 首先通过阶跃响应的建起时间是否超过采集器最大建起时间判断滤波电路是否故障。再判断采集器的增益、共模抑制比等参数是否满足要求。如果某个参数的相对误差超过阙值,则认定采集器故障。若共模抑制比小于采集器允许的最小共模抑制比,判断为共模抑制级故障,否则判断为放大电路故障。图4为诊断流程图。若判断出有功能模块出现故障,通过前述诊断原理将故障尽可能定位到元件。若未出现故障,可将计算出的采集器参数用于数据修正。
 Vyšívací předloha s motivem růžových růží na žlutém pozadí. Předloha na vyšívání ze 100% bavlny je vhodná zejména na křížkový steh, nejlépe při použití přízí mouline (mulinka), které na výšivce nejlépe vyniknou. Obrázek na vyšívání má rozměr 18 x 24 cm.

^^^^

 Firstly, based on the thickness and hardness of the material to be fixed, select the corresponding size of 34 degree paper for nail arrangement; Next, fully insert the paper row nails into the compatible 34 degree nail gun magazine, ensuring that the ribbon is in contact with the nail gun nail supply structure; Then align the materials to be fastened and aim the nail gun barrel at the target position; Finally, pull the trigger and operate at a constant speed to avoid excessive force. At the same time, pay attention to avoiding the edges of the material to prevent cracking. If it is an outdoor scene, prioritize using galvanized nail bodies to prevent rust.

^^^^

■ **Brief**: Retype exactly the lines of the data above that fall between the line with "首先通过阶跃响应的建起时间是" and the line with "Vyšívací předloha s", inclusive, and add nothing.

■ **Worked solution**:
 首先通过阶跃响应的建起时间是否超过采集器最大建起时间判断滤波电路是否故障。再判断采集器的增益、共模抑制比等参数是否满足要求。如果某个参数的相对误差超过阙值,则认定采集器故障。若共模抑制比小于采集器允许的最小共模抑制比,判断为共模抑制级故障,否则判断为放大电路故障。图4为诊断流程图。若判断出有功能模块出现故障,通过前述诊断原理将故障尽可能定位到元件。若未出现故障,可将计算出的采集器参数用于数据修正。
 Vyšívací předloha s motivem růžových růží na žlutém pozadí. Předloha na vyšívání ze 100% bavlny je vhodná zejména na křížkový steh, nejlépe při použití přízí mouline (mulinka), které na výšivce nejlépe vyniknou. Obrázek na vyšívání má rozměr 18 x 24 cm.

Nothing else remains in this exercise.